- Tadlock in undated photo
- Born: Thelma Tadlock January 13, 1931 Port Arthur, Texas
- Died: December 8, 2000 (aged 69)
- Occupation: Dancer-choreographer
- Years active: 1951–1994
- Spouse: George Vosburgh Jr.

= Tad Tadlock =

American actress (1931–2000)

Thelma "Tad" Tadlock (January 19, 1931 – December 8, 2000) was an American dancer and choreographer known for her work in television, Broadway theater, and movies, including starring in the General Motors sponsored-film shorts "Design for Dreaming" (1956) a film which contributed scenes for Peter Gabriel's 1986 music video "In Your Eyes" and "A Touch of Magic" (1961).

==Early life==
Tadlock was born in Port Arthur, Texas, the daughter of Haydn H. and florist Thelma Tadlock. She trained for 15 years at the Florence Coleman School of Dance and served as a football majorette for Thomas Jefferson High School, where she graduated in 1949.

==Career==
Tadlock moved to New York City in 1950 and made her Broadway debut as a dancer in the 1951 musical Make a Wish. Continuing her training at the Stanley School of Dance, she went on to the Broadway-musical hits Top Banana (1951), Pal Joey (1952), and Me and Juliet (1953), billed in all as Thelma Tadlock, and both dancing and playing character roles in the latter two.

She then began work in television and film, working as a dancer and choreographer for decades, initially on TV's Your Hit Parade and The Arthur Murray Party. Later billed as Tad Tadlock, she worked on Dance Fever, The Dream Merchants, Charlie's Angels, Cheers and other programs, including Ziegfeld: The Man and His Women, and such events as the 1988 Miss Universe pageant and the 1989 Super Bowl halftime show. Her movies included Heaven's Gate (as "additional choreographer"), Body Heat and Irreconcilable Differences. Tadlock also worked as a spokeswoman, actress, model, and dancer in numerous commercials, including for United Airlines.

Tadlock and Marc Breaux in "Design for Dreaming" (1956)

She as well performed in multimedia presentations for clients including Toyota, and is perhaps best known for two General Motors sponsored-film shorts that have become cult classics: the musicals "Design for Dreaming" (1956), directed by William Beaudine, and "A Touch of Magic" (1961), directed by Victor D. Solow.

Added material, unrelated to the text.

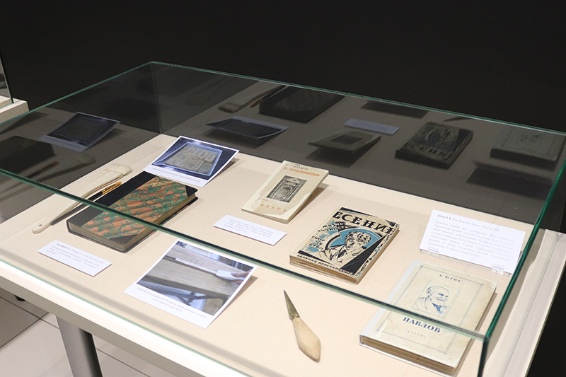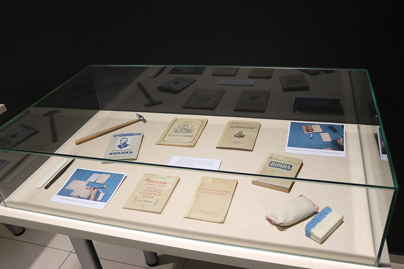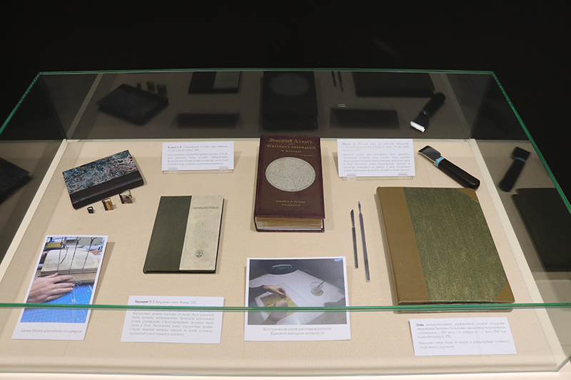Экспозиция дополнена инструментами и материалами, которые используют в работе реставраторы библиотеки, а также фотографиями с процессами реставрационных работ.

In the first, which has gone on to be excerpted and sampled in a host of media, Tadlock plays an unnamed woman who dreams about a masked man (dancer and choreographer Marc Breaux) taking her to the 1956 General Motors Motorama at the Waldorf-Astoria Hotel, and to Frigidaire's "Kitchen of the Future". It was included in a fifth-season episode of Mystery Science Theater 3000 in 1994. In the equally highly stylized "A Touch of Magic", Tadlock plays a medieval woman menaced by a dragon and rescued by a knight. She and the man then suddenly become a modern-day suburban couple with a magical kitchen, hosting a housewarming party attended by invisible guests, and then dancing dreamily on a cloud.

==Personal life==
In June 1960, in New York City, Tadlock married George Vosburgh Jr., an assistant director of the 1958 feature documentary Windjammer and later a TV game-show producer. Her reception was held in the home of talk-show host and TV personality Merv Griffin. Following her marriage, she was billed at least once as Tad Tadlock Vosburgh. Tadlock was living in Tarzana, California, at the time of her death from cancer.

==Legacy==
The Museum of the Gulf Coast maintains a Tad Tadlock permanent exhibit.